Pros and cons of crating your dog

As a dog owner, chances are that you’ve heard all about the great crate debate, or perhaps even took part in the discussions about whether crating a dog has any benefits. Some people swear by it, while others think it’s inhumane. Here’s the truth: when it is done correctly, crating can actually be a lifesaver – for both you and your dog.

Animaltalk spoke to Samantha Walpole, Senior Behaviourist and Trainer of Be The Dog, on the topic of crating to understand the when, why and how of crating, and its safety.

Defining crating

Dog crating is simply the act of confining your dog to a small, enclosed space for a period of time. It is important to note that this space is designed to be a safe and comfortable haven for your pup and should never be used as a form of punishment. The space in the crate should also be big enough for your dog to get up and move around in.

 

Origins

The use of dog crates can be traced back to the mid-20th Century when they were initially designed for the transportation of dogs. Airline companies began using crates to transport dogs safely and securely and, soon after, pet owners began using crates for other purposes as well.

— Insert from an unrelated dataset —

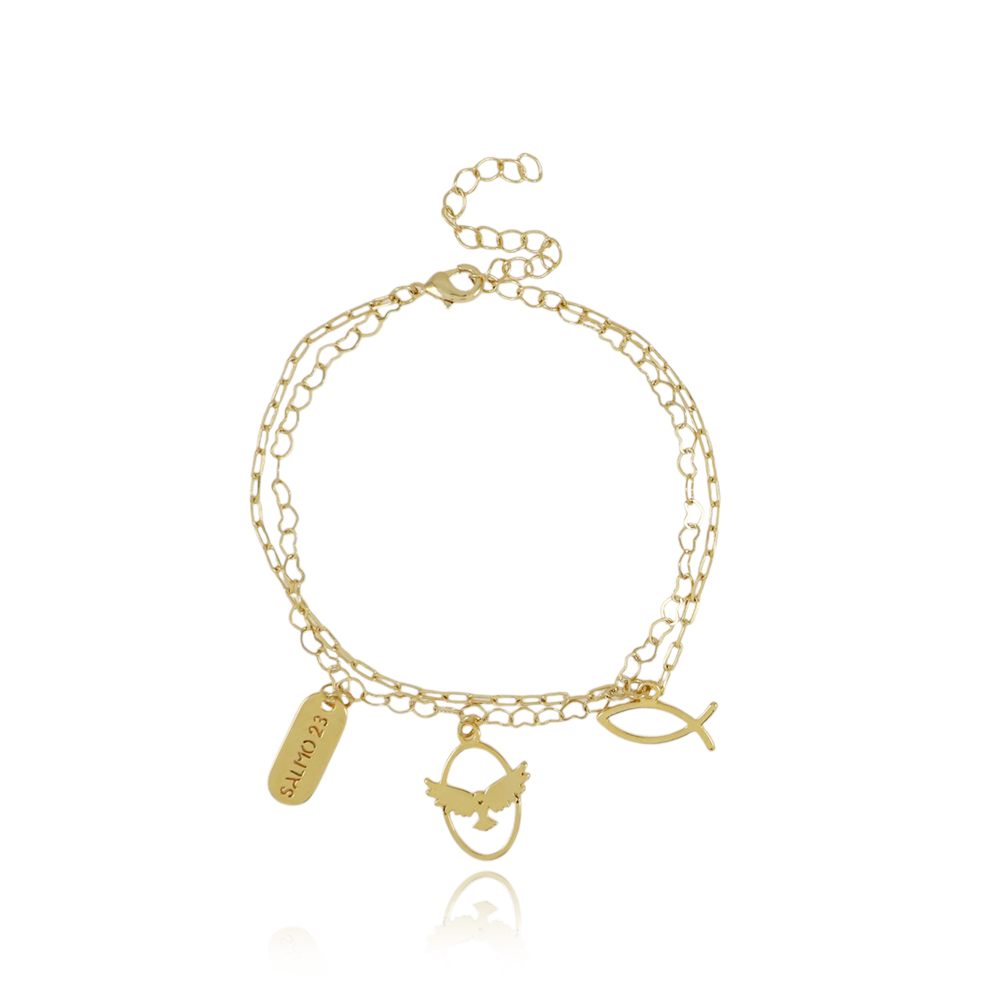 Encante-se com essa pulseira!Esta linda pulseira DUPLA DE ELOS DE CORAÇÕES E PINGENTES RELIGIOSOS é feita com LATÃO BANHADO A OURO 18K de alta qualidade.

In the 1970s, dog trainers started using crates as a training tool, particularly for housebreaking and behaviour modification. They found that confining dogs to a crate could help them learn bladder control and prevent destructive behaviours such as chewing and digging.

Since then, the use of dog crates has become more widespread and is now a common practice for many dog owners. According to Samantha, it is important to note that the use of crates should always be done in a humane and responsible way, with the wellbeing of the dog as the top priority. She adds that, in modern times, we are already living in smaller, more confined spaces and that, if crating is over-used as a quick fix, it will have a catastrophic emotional effect on a dog.

 

For safety’s sake

There are many reasons why you might consider crating your dog. For starters, it can be a great way to keep him safe when you’re not able to keep a close eye on him. However, this should only be for short periods. Dogs are naturally curious creatures, and they can get into all sorts of mischief when left to their own devices.

“It is physically impossible to monitor a puppy 24/7. Therefore, correct crate training can be an excellent tool to assist with potty training and preventing a pup from tearing up the home, getting into the trash, chewing electrical wires or other dangerous activities when unsupervised,” says Samantha.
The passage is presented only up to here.